It's the age-old exercise dilemma: If I've only got 20 minutes, should I do cardio or strength-training? I designed this short, simple workout to do both: Each explosive move combines the benefits of high-intensity interval training (for increased metabolism and fat burn) with weight training (for increased muscle tone and physical changes). They can be done anywhere, and they're great for all fitness levels. Grab a pair of light dumbbells (or try it without weights), and let's get started.
Strong Heart, Toned Body: The Only 5 Moves You Need
Split Lunge With Arm Swing
Step your left leg into a lunge and raise your right arm overhead. Now push off from both feet into a jump and switch the position of your feet and hands, landing in a lunge with your right leg in front and your left arm overhead. Complete 10 jumps (5 on each alternating side) and slowly increase your repetitions as you get stronger.
Start with feet wide, toes straight ahead, and lower your body forward to touch your left arm to your right foot, right knee bent. Now come through the middle and swing your right hand to your left foot, left knee bent. Continue swinging side to side, mimicking the moves of a speed skater. Complete 10 reps (5 on each side, alternating), then slowly increase your repetitions as you get stronger.
Jumping Shoulder Press
Stand with your feet shoulder-width apart, arms curled with dumbbells in front of your shoulders. Come down into a full regular squat position and then jump up explosively. On your way up, extend your arms fully overhead to complete a shoulder press. Upon landing, lower your body back into a squat position and repeat.
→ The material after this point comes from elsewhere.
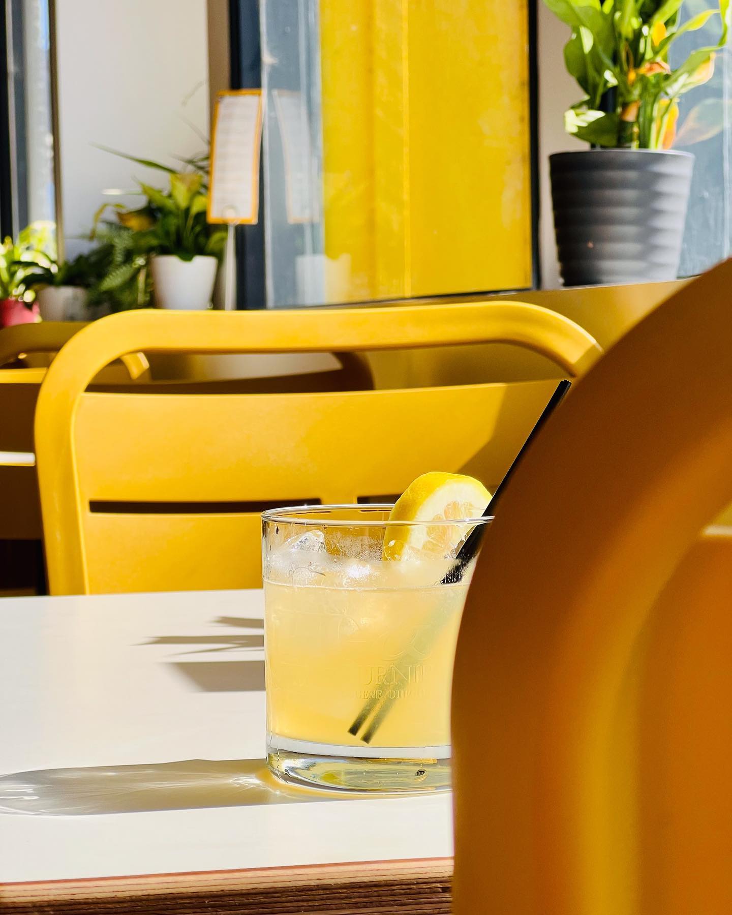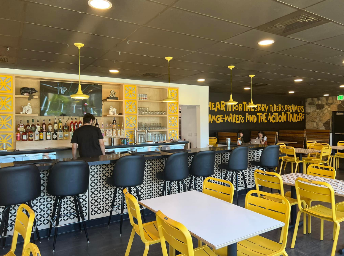 The interior design blends rustic beech wood elements and industrialized metals with modern materials and warm saffron yellow tones. Unique design features like laser cinder block columns with back-lit frosted panels in the bar and an abstract turnip logo displayed in the custom laminate as part of the tabletop design, create confidence that guests will experience something more than the ordinary dining experience here.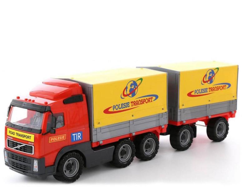 Volvo ponyvás pótkocsis teherautó POLE-8732 Polesie Volvo márkájú ponyvás, pótkocsis teherautó. Rakományokat szeretnél szállítani Akkor ez az óriás ponyvás teherautó csak Rád vár Járműveddel homokot, kavicsokat vagy akár kedvenc kisjátékaidat is szállíthatod. Ponyvája leszedhető, lenyitható platója segít a rakományod könnyebb kipakolásában. Masszív kerekei megk

Start by doing 10 repetitions and slowly increase your repetitions as you get stronger and more comfortable with the exercise.
Stand with feet shoulder-width apart, facing your left, with your arms up in a boxing position so that your palms are facing the sides of your face. (Feel free to keep you hands open or make fists.) Lower into a squat and, as you come up, jab with your left hand, immediately punch with your right hand, lower back to a starting position. Complete 10 squat-jab-punch combos facing the left, then turn to the right and repeat the pattern (reversed!) on the other side. Slowly increase your repetitions as you get stronger.
Abdominal Flutter Kicks
Lie on your back with your legs together and extended a few inches off the ground. Lift your head, shoulders, and arms (extended overhead) as well. Now lift your left leg and right arm to the sky, keeping them both straight as they touch over your core. As you begin lowering them to their starting position, begin lifting your right leg and left arm, keeping them both straight as they come in contact. Start by doing 20 reps (10 on each side) and slowly increase your repetitions as you get stronger and more comfortable with the exercise.